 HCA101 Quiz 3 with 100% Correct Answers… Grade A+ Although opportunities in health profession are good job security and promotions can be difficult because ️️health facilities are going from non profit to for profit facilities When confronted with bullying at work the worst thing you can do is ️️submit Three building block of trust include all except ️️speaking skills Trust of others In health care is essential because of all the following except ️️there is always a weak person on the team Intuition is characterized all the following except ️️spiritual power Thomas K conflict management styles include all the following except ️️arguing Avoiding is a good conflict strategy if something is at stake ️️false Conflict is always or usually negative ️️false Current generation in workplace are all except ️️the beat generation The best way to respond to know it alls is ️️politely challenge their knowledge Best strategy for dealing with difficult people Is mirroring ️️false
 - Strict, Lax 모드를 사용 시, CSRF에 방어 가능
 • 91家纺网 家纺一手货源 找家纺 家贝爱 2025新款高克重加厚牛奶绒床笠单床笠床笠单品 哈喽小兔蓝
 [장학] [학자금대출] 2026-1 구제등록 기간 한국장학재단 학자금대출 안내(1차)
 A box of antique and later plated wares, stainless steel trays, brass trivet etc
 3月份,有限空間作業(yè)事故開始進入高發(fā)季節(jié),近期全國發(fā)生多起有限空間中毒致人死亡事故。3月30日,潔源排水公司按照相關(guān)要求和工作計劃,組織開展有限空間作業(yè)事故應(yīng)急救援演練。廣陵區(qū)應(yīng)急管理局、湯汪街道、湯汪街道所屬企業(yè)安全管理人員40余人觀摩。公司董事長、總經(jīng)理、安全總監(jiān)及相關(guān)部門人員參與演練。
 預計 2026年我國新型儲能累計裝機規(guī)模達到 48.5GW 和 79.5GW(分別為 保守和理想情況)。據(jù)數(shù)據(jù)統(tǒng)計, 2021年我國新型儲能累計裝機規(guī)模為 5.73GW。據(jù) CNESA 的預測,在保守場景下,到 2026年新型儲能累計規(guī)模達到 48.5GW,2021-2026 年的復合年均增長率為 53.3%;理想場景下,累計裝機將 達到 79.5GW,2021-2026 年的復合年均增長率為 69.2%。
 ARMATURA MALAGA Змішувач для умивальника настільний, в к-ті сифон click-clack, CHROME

◆ Problem to solve ◆
Starting at the line that has "A box of antique" in the records above, restate word for word every line until the one that has "3月份,有限空間作業(yè)", and include that one as well.

◆ Output below ◆
 A box of antique and later plated wares, stainless steel trays, brass trivet etc
 3月份,有限空間作業(yè)事故開始進入高發(fā)季節(jié),近期全國發(fā)生多起有限空間中毒致人死亡事故。3月30日,潔源排水公司按照相關(guān)要求和工作計劃,組織開展有限空間作業(yè)事故應(yīng)急救援演練。廣陵區(qū)應(yīng)急管理局、湯汪街道、湯汪街道所屬企業(yè)安全管理人員40余人觀摩。公司董事長、總經(jīng)理、安全總監(jiān)及相關(guān)部門人員參與演練。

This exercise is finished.